The patch I posted on the mailing list http://lists.freedesktop.org/archives/mesa-dev/2011-March/006227.html is pretty much the same as this one except that it extends the start of the liveness interval back to the start of the outermost loop.
Comment 8 Fabian Bieler 2011-03-28 13:10:04 UTC
Created attachment 44971 [details] [review]
[PATCH 1/2] mesa: Extend register live intervals to the beginning of loops if they are referenced outside of the loop

I split the patch into two smaller patches to ease reviewing.
Comment 9 Fabian Bieler 2011-03-28 13:10:49 UTC
Created attachment 44972 [details] [review]
[PATCH 2/2] mesa: Cache registers in current top level loop when searching for live intervals
Comment 10 Eric Anholt 2011-03-29 09:06:23 UTC
Note that it's not just "used outside of the loop" that can cause the reg to need to be live across the whole loop.  For example:

int i = 0;
int j;
while (true) {
  i++;
  if (i < 4)
    j = 0;
  else
    continue;
  if (i > 10)

}
Comment 11 Eric Anholt 2011-03-29 09:06:50 UTC
gah, hit tab and space while still constructing a case
Comment 12 Eric Anholt 2011-03-29 09:23:42 UTC
Something shaped like this, but with extra code that might smash j after the j = i assignment.

int i = 0;
int j;

while (true) {
  if (i == 0)
    j = 0;

  i = j + 1;
  j = i;

  if (i < 4)
    continue;

  if (i > 10)
    break;
}

(While our structured control flow often makes our lives easy, for live interval calculations it really doesn't make things any easier -- we should be breaking down to basic blocks and calculating liveness that way. Oh well.)

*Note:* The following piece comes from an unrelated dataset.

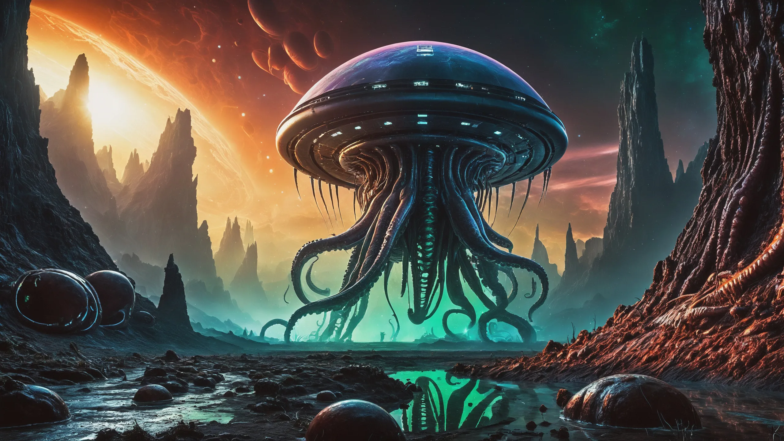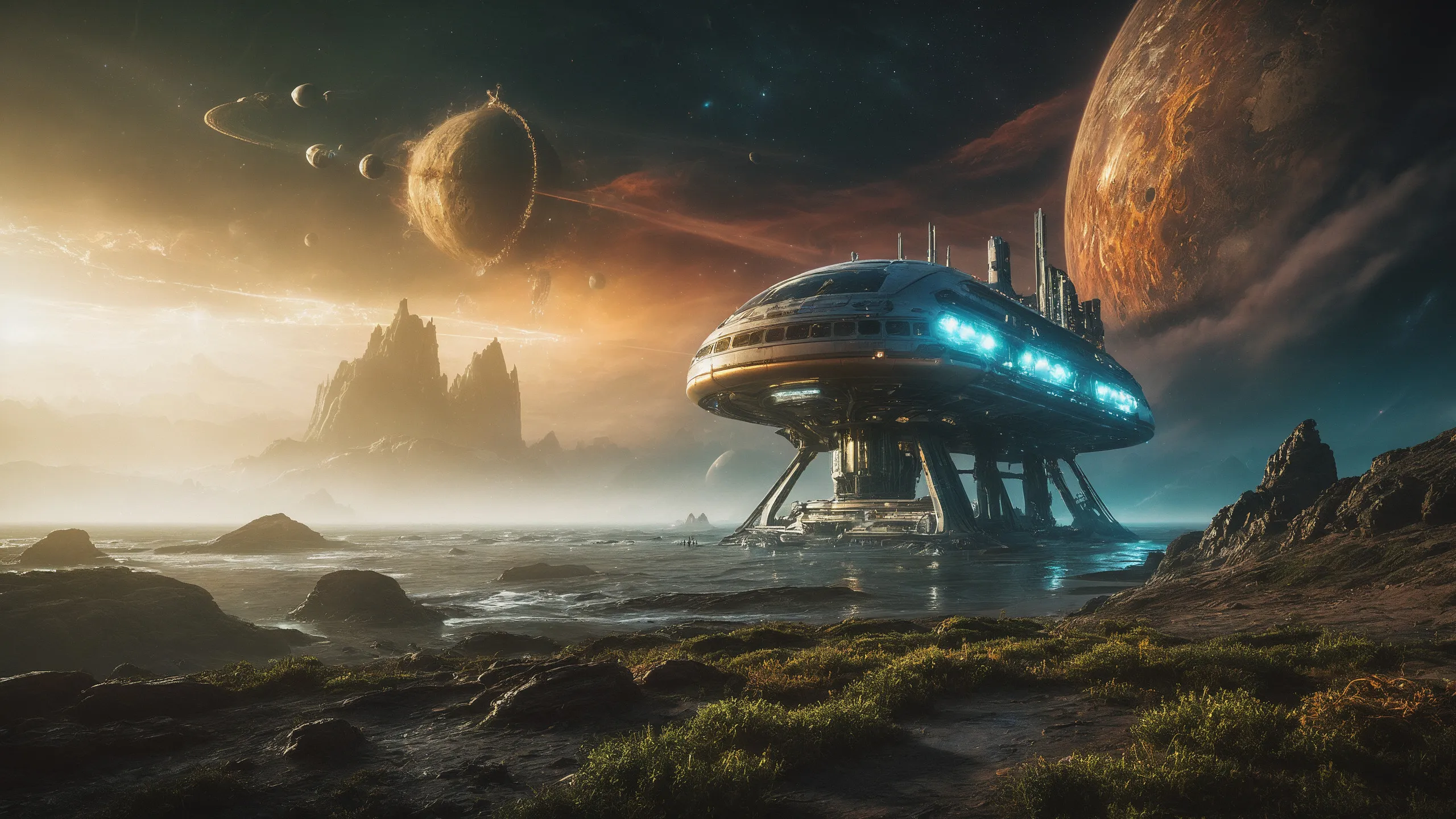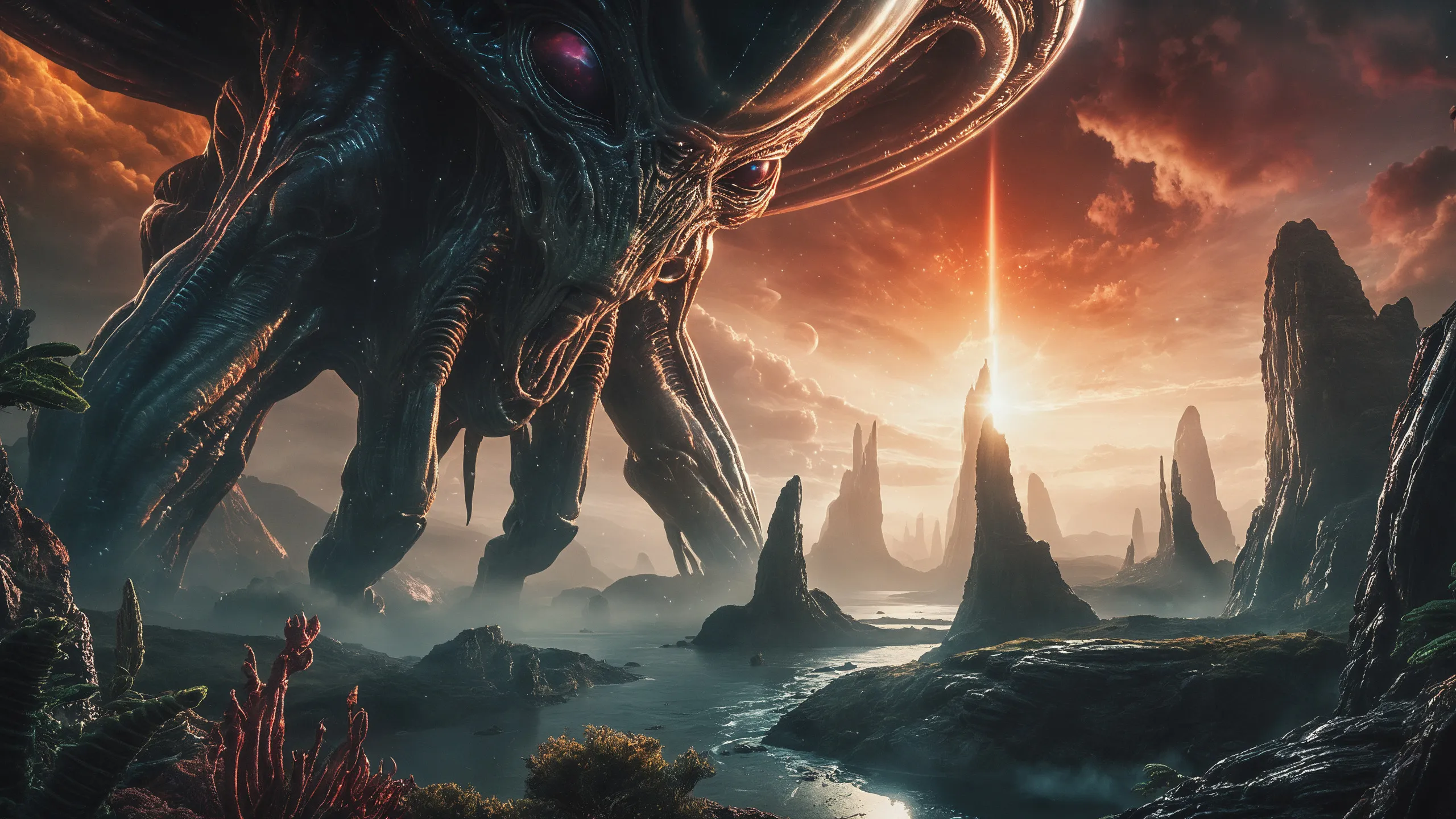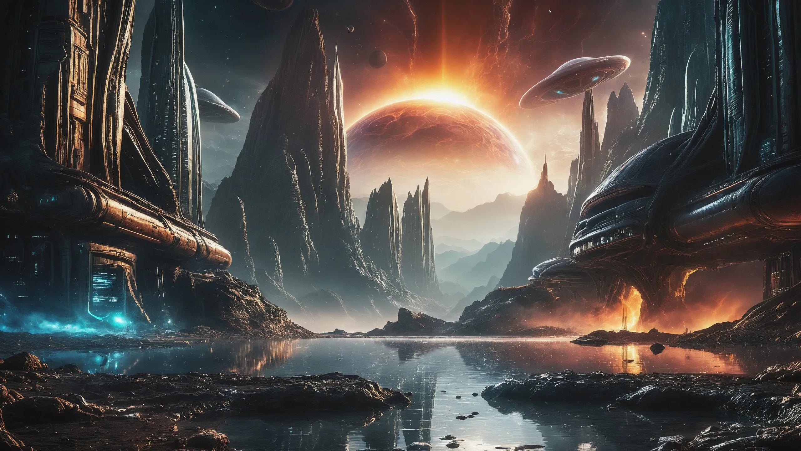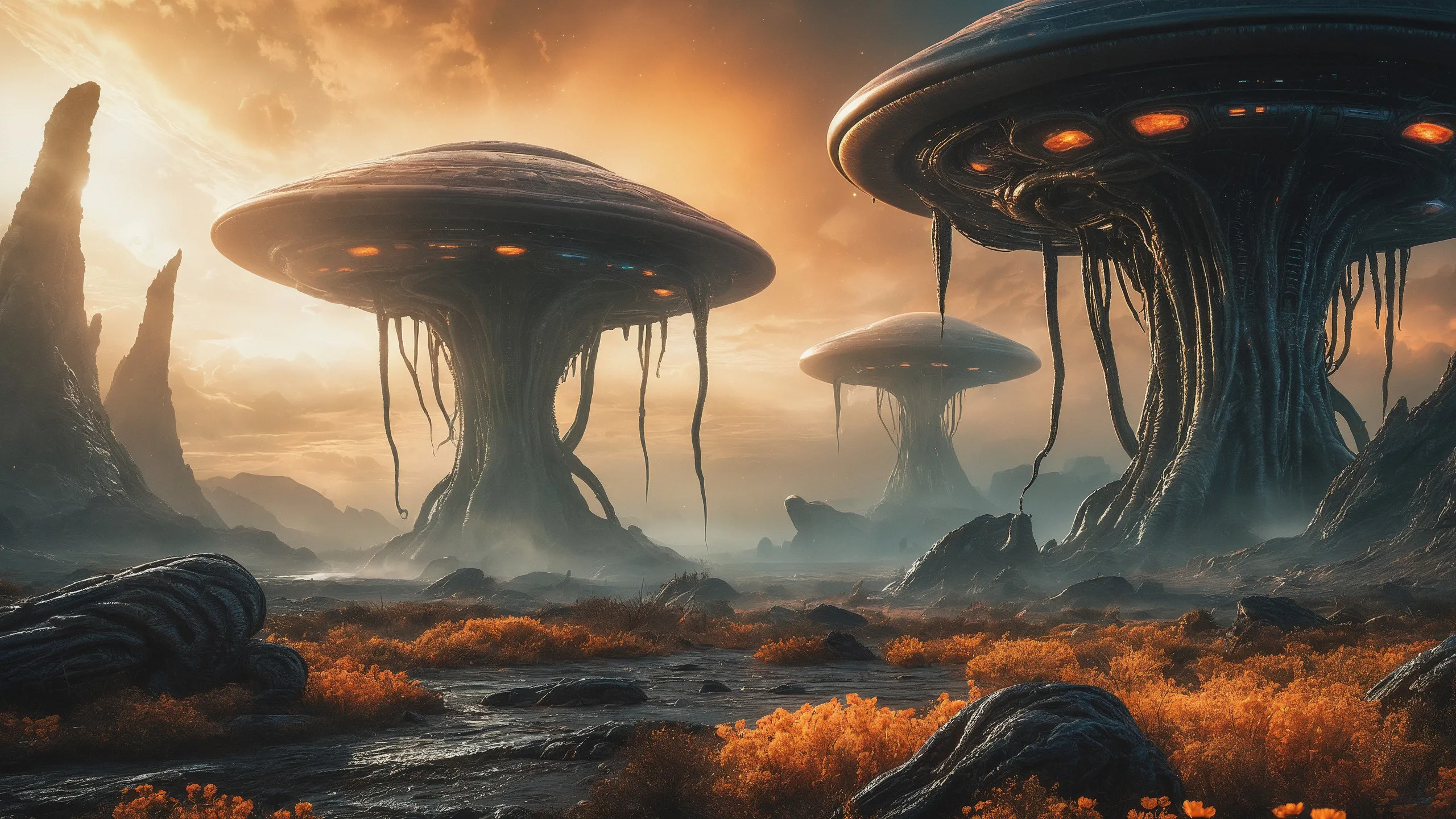 Cinematic epic scene of a (Sience Fiction, alien {mega city|cityscape|landscape|space station|outer space|world}:1.5).

It looks to me like Tom's patch is the only one that covers this completely -- idr's might miss behavior like this in a middle loop and just set the start to the innermost loop.  So, while Tom's patch is conservative, it's also Reviewed-by: Eric Anholt <eric@anholt.net>
Comment 13 Tom Stellard 2011-03-30 21:49:30 UTC
Since there is a release happening soon and this fixes a bug.  I'll try to push my patch to master and the 7.10 and 7.9 branches some time tomorrow, unless there are objections.
Comment 14 Ian Romanick 2011-04-04 09:59:56 UTC
This should be fixed on master by the commit below.  This has been cherry picked to 7.10 (a947d9be61dddca8e06d8cd2f066336a2907a0ed) and 7.9 (9e2c9cdf4864eb4f707790573bfa7bcf725f7006).

commit 18dcbd358f1d4fd5e4a40fa26c6d3bf99485884e
Author: Tom Stellard <tstellar@gmail.com>
Date:   Sun Mar 27 01:17:43 2011 -0700

    prog_optimize: Fix reallocating registers for shaders with loops
    
    Registers that are used inside of loops need to be considered live
    starting with the first instruction of the outermost loop.
    
    https://bugs.freedesktop.org/show_bug.cgi?id=34370
    
    NOTE: This is a candidate for the 7.9 and 7.10 branches.
    
    Reviewed-by: Eric Anholt <eric@anholt.net>
Comment 15 Gordon Jin 2011-06-01 20:39:59 UTC
piglit glsl-fs-loop-redundant-condition still fails on my side, with Tom's patch. 

It was fixed (only on i965) with mesa master branch by below commit:
commit 963431829055f63ec94d88c97a5d07d30e49833a
Author: Eric Anholt <eric@anholt.net>
Date:   Sat Apr 2 18:11:32 2011 -1000

    i965/fs: Remove broken optimization for live intervals in loops.

    The theory here was to detect a temporary variable used within a loop,
    and avoid considering it live across the entire loop.  However, it was
    overeager and failed when the first definition of the variable
    appeared within the loop but was only conditionally defined.

    Fixes glsl-fs-loop-redundant-condition.


i965 with mesa 7.10 still fails.
i915 still fails even with mesa master.
Comment 16 Gordon Jin 2011-10-24 19:14:16 UTC
It now passes on both i965 and i915, on both mesa master and 7.11 branch.